Banged-up Duke thumps Wake Forest 94-51

Duke guard Grayson Allen goes up and over Wake Forest guard Mitchell Wilbekin in the first half to score two of his 19 points. .
Duke guard Grayson Allen goes up and over Wake Forest guard Mitchell Wilbekin in the first half to score two of his 19 points. . cliddy@newsobserver.com

With just eight scholarship players – and almost as many banged up ankles – Duke coach Mike Krzyzewski has ditched the cliche and told his players to bring their egos with them to the floor.

It worked Wednesday night against Wake Forest, as Duke dealt the Deacons a 94-51 beatdown. It was Wake Forest’s third-most lopsided loss ever and the worst since 1945.

“Kind of a simple game to talk about,” Wake Forest coach Danny Manning said. “Duke came out with a lot of energy and a lot of effort and played exceptionally well, and we had a very disappointing showing.”

And the No. 3 Blue Devils (27-3, 14-3 ACC) cruised to victory without major contributions from their two hottest offensive players of late, Jahlil Okafor and Quinn Cook. Okafor drew two early fouls and was able to rest much of the second half, and he finished with just two attempts from the field and six points – his first game not in double figures. Cook, meanwhile, finished with 13 points on senior night.

Instead, it was Matt Jones and Grayson Allen carrying the scoring load against Wake Forest (13-17, 5-12). Allen eclipsed his career high in the first half, with 19 points in nine minutes, and the freshman finished with 27 points. Matt Jones, a sophomore, added 17 points of his own.

“We have guys with a lot of fire,” Matt Jones said. “Coach tells everyone to bring their egos. We’re all good players.”

Yes, Jones said, life is easier, offensively at least, for the rest of the Blue Devils when Okafor is scoring 30 points, like he did to carry the team to an overtime win at Virginia Tech last week. But it’s not necessary – that’s Krzyzewski’s point about the egos.

It was as ugly as it appeared for the Deacons (13-17, 5-12 ACC), as they had more turnovers (16) than points in the first 20 minutes, trailing 52-15 at the half. There was a 19-0 run for Duke and a 12-0 start to the game.

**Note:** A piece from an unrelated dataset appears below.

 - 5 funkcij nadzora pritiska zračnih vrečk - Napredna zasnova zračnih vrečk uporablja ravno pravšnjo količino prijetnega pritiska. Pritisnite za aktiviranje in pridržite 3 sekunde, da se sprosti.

Wake Forest’s first eight possessions went as follows: turnover, miss, turnover, charge, miss, miss, miss, (miss both free-throw attempts as a result of a flagrant foul on Okafor), turnover.

The first half ended in fitting fashion, too: Tyus Jones heaved up a 25-foot prayer at the buzzer – and it swished in as he was fouled by Madison Jones. Tyus made the free throw with to complete the four-point play, giving the Blue Devils an insurmountable 52-15 lead after 20 minutes. Even if the Blue Devils had gone scoreless in the second half, they still would have outscored the Deacons.

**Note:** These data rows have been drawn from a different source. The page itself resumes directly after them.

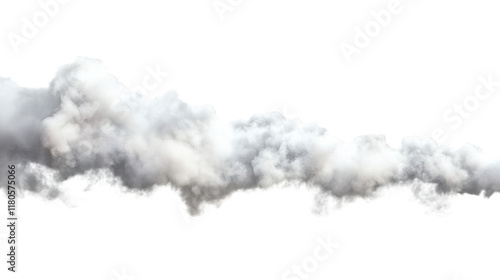 White panoramic smoke trail creating an ethereal effect isolated on white background
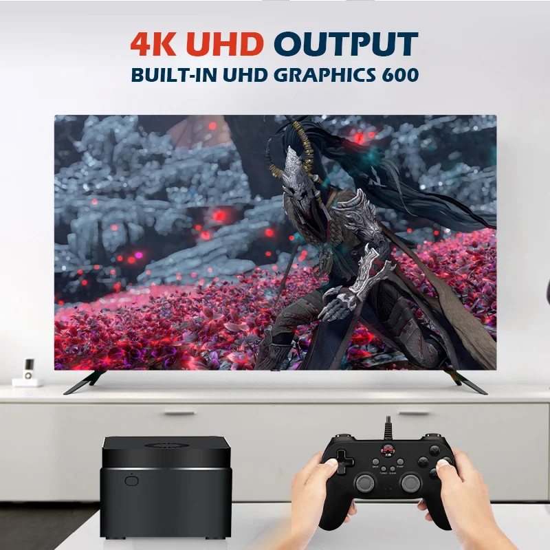 Мини-компьютер оснащен видеокартой высокой четкости Graphics 600 и поддерживает выход 3840*2160 HD, обеспечивая первоклассное качество игр и ТВ, с реалистичным качеством изображения, И может использоваться в качестве медиа-центра для просмотра ТВ-шоу или видеоигр.
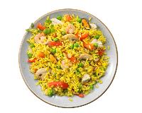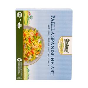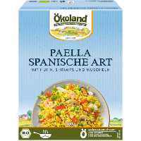 52% Reis* gegart (Wasser, Reis*, Speisesalz, Kurkuma*), Erbsen*, 7% Hühnerfleisch* gegart, Gemüsepaprika*, BUTTER*, 5% SHRIMPS** (SHRIMPS**, Speisesalz), 3,5% MUSCHELN** gegart, Zwiebeln*, Champignons*, Tomaten*, Meersalz, Roh-Rohrzucker*, Gewürze* (Knoblauch*, Pfeffer*, Chili*, Kurkuma*), Reismehl*, Kräuter* (Oregano*, Thymian*, Basilikum*), Gemüsepulver* (Zwiebeln*, Pastinaken*, Karotten*), Olivenöl*.| Energie | Fett | gesättigte Fettsäuren | Kohlenhydrate | Zucker | Ballaststoffe | Eiweiss | Salz |
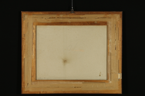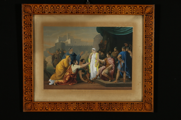 In noce con intarsi in bosso. Incornicia incisione francese di fine '700,acquarellata a mano, raffigurante la magnanimità di Scipione l'africano. Con vetro.

It was quite different than the teams’ first meeting on the season, the second game of the ACC season in Winston-Salem. That was the first time Duke was tested late in a game, and the Blue Devils left with a 73-65 win.

“As a team, coming in, we knew we owed Wake Forest,” Matt Jones said. “We didn’t play the way we wanted to down there. We just wanted to continue to show people that we could play defense and continue to get better. Obviously, we can’t get better in practice because of the numbers, so we try to use games and workouts to our advantage.”

The Blue Devils’ depth issues continued to grow Wednesday, as both Justise Winslow and Amile Jefferson had to leave the game with ankle issues. Both returned, but that does make it five of eight scholarship players who have turned an ankle in the past month – Okafor, Cook, Allen, Jefferson, and Winslow.

“The good thing is ankles are better than knees, so let’s hope that it works out that way,” Krzyzewski said.

Otherwise those who remain may need to find bigger egos to fill the void.